Opinion

Just Say No

By Josh Feit March 1, 2011

Yesterday, while defending his veto of the city's deep-bore tunnel agreements with the state (a veto that was subsequently overturned by the council), Mayor Mike McGinn said he supported lone council member Mike O'Brien's call for a referendum on the agreements, essentially calling for a vote on the tunnel.

A tunnel idea—not the current deep bore, but a cut and cover tunnel along the viaduct route—was already voted down, along with a rebuild, in a special March 2007 public vote.

The new tunnel idea—which would keep the viaduct open while the tunnel is being built—might do a little better, but would probably go down again.
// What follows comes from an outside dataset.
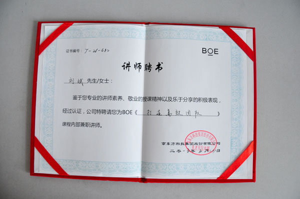 在京東方特色課程在校教師培養(yǎng)選聘會期間,招生就業(yè)處的三位同志積極參與、認(rèn)真準(zhǔn)備,全部通過了企業(yè)的認(rèn)證考核,被聘為京東方科技集團(tuán)股份有限公司(BOE)《打造高效團(tuán)隊》《職場禮儀修養(yǎng)》《職業(yè)心態(tài)》課程的認(rèn)證講師。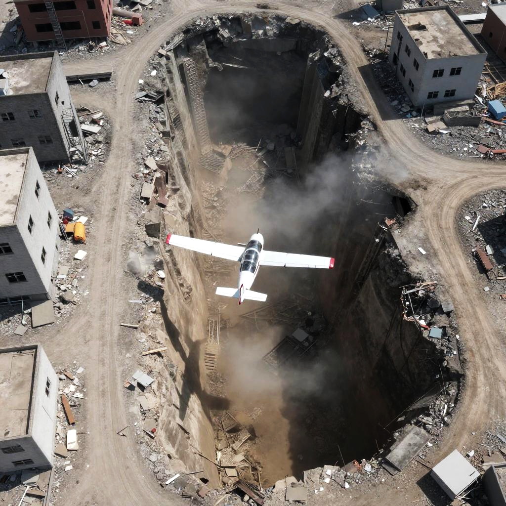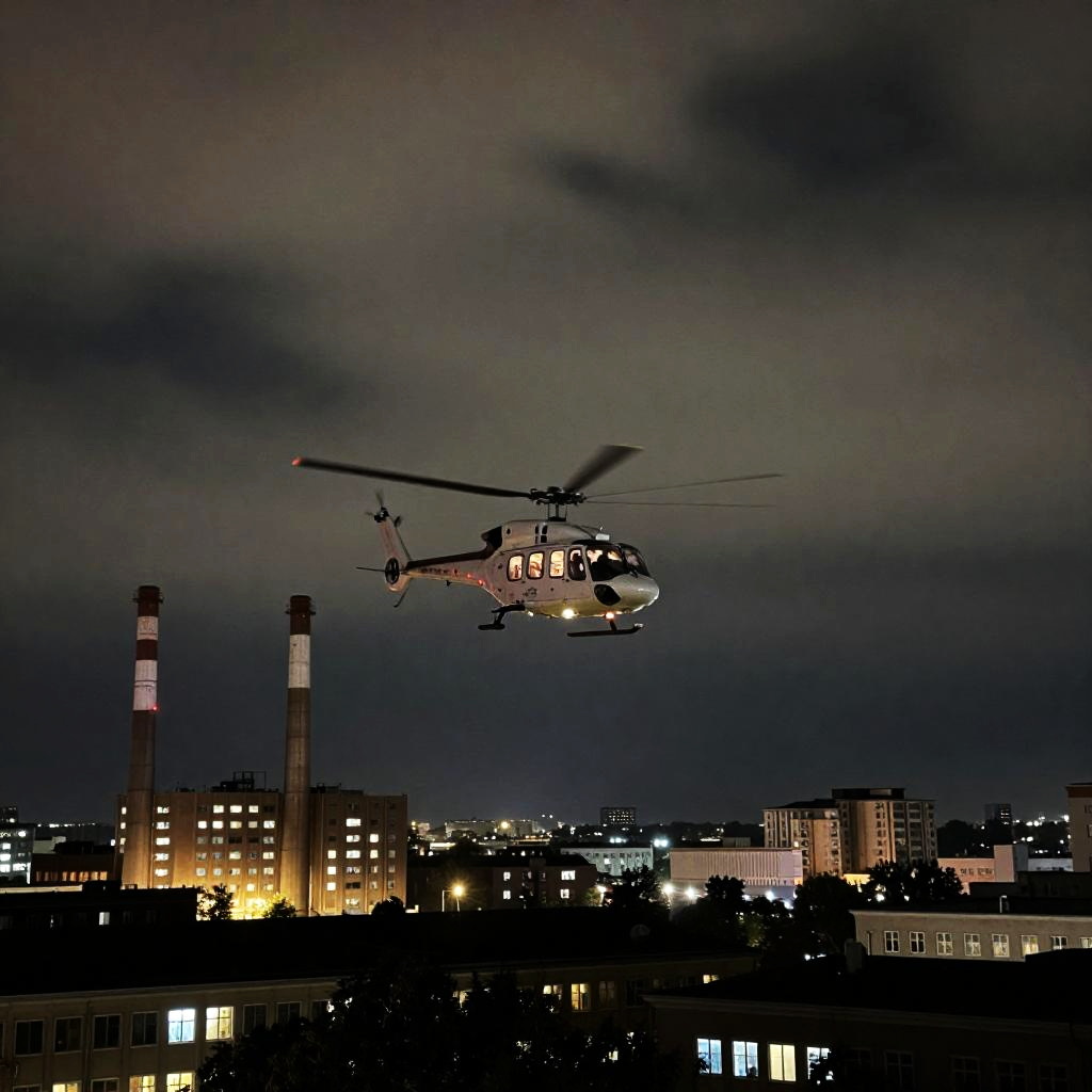 Nighttime photograph of a cityscape with a hovering helicopter in the foreground. Dark, cloudy sky. Industrial buildings with lit windows and tall smokestacks in the background. Helicopter has red and white lights. Urban setting.

In fact, none of the waterfront options, including the one McGinn and O'Brien support—the surface/transit option—has more than 50 percent support. PubliCola did a poll in March 2010 asking voters to choose between the three options: 35 percent went with the deep bore tunnel; 36 percent went with a rebuild; and 21 percent went with surface/transit. (Eight percent were unsure.)

Otherwise, I'm not aware of any polling that has compared all three, although there was some polling that did a round robin of match ups. The deep-bore tunnel won that one, with surface transit coming in last.

Any option, considered in isolation in this heated debate, is likely to go down because voters can keep a dream option in their head; it's easy to say "No" to a single choice.

For this reason, "No" campaigns are typically easier than "Yes" campaigns, and I see McGinn's push for a "No" vote as a metaphor for his easy "Just Say No" politics.

What would be cool, and actually reflect some leadership, is if McGinn proposed a referendum that would potentially solve the problem rather than keeping the city in a "grass is always greener" limbo without ever having to make a choice. He could do this by proposing a "Yes" referendum—that is, by asking the people what they want to do as opposed to what they don't want to do.

How about putting the three options up for a vote, and the one with the highest percentage wins?

Otherwise, after the city votes the tunnel down, all we get is an "I told you so" from the McGinn administration, which I'm starting to think is all his administration is after when it comes to the tunnel.